Only the lines from the top of the following listing through the line with "In an elegant" belong in your answer, exactly as written.

[[ Dataset open ]]

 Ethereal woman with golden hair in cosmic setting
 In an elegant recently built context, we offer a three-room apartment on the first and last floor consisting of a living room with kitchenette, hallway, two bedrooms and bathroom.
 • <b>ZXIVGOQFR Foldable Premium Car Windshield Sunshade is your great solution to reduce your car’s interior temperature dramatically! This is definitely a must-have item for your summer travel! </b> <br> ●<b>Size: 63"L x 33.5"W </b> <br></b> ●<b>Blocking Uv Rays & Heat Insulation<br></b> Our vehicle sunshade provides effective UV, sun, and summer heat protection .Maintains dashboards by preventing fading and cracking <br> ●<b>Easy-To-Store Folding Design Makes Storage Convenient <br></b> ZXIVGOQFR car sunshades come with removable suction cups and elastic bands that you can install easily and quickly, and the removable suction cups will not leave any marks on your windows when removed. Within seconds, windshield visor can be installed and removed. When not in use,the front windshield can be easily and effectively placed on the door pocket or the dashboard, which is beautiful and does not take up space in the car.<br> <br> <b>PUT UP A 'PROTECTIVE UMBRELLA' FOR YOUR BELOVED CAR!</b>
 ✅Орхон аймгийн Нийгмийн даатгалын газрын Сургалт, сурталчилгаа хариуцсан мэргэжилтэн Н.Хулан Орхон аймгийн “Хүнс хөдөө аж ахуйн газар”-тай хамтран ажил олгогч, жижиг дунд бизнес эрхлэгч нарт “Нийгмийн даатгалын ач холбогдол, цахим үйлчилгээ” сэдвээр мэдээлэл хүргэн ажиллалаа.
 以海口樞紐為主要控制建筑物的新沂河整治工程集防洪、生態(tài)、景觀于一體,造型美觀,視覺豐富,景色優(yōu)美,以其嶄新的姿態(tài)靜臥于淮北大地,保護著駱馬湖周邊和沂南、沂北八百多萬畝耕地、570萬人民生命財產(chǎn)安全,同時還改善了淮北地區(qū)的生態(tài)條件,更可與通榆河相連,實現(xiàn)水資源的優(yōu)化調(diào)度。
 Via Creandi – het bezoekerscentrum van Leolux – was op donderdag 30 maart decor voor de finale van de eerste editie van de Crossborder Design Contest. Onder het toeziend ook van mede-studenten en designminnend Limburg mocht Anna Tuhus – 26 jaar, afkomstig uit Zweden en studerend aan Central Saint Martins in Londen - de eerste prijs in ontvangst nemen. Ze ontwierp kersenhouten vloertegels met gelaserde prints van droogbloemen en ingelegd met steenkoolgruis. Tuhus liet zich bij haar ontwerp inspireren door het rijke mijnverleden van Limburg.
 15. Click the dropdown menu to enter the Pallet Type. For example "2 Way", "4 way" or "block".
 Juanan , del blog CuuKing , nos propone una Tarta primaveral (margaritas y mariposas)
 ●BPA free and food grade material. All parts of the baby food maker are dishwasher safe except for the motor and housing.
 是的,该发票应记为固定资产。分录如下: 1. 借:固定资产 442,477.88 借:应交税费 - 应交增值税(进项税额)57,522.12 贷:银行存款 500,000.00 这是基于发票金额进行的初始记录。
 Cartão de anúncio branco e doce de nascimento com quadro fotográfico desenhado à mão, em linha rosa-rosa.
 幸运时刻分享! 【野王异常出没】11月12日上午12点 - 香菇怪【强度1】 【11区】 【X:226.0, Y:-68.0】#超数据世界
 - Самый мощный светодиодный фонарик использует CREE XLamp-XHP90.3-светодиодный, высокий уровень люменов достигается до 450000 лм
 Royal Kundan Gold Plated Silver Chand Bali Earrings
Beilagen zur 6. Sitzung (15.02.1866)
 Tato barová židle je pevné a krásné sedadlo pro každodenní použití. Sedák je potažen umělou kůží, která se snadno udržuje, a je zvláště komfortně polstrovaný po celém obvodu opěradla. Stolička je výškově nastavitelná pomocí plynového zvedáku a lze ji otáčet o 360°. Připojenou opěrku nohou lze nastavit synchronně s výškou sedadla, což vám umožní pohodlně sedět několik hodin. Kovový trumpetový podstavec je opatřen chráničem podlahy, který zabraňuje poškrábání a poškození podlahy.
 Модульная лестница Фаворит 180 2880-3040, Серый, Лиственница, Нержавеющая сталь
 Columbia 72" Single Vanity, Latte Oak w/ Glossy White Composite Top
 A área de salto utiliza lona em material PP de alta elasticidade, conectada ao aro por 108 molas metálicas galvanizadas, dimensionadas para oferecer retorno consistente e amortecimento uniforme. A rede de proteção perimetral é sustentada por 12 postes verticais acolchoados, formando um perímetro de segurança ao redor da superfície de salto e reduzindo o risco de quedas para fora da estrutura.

[[ Dataset closed ]]

> [Answer for the task]
 Ethereal woman with golden hair in cosmic setting
 In an elegant recently built context, we offer a three-room apartment on the first and last floor consisting of a living room with kitchenette, hallway, two bedrooms and bathroom.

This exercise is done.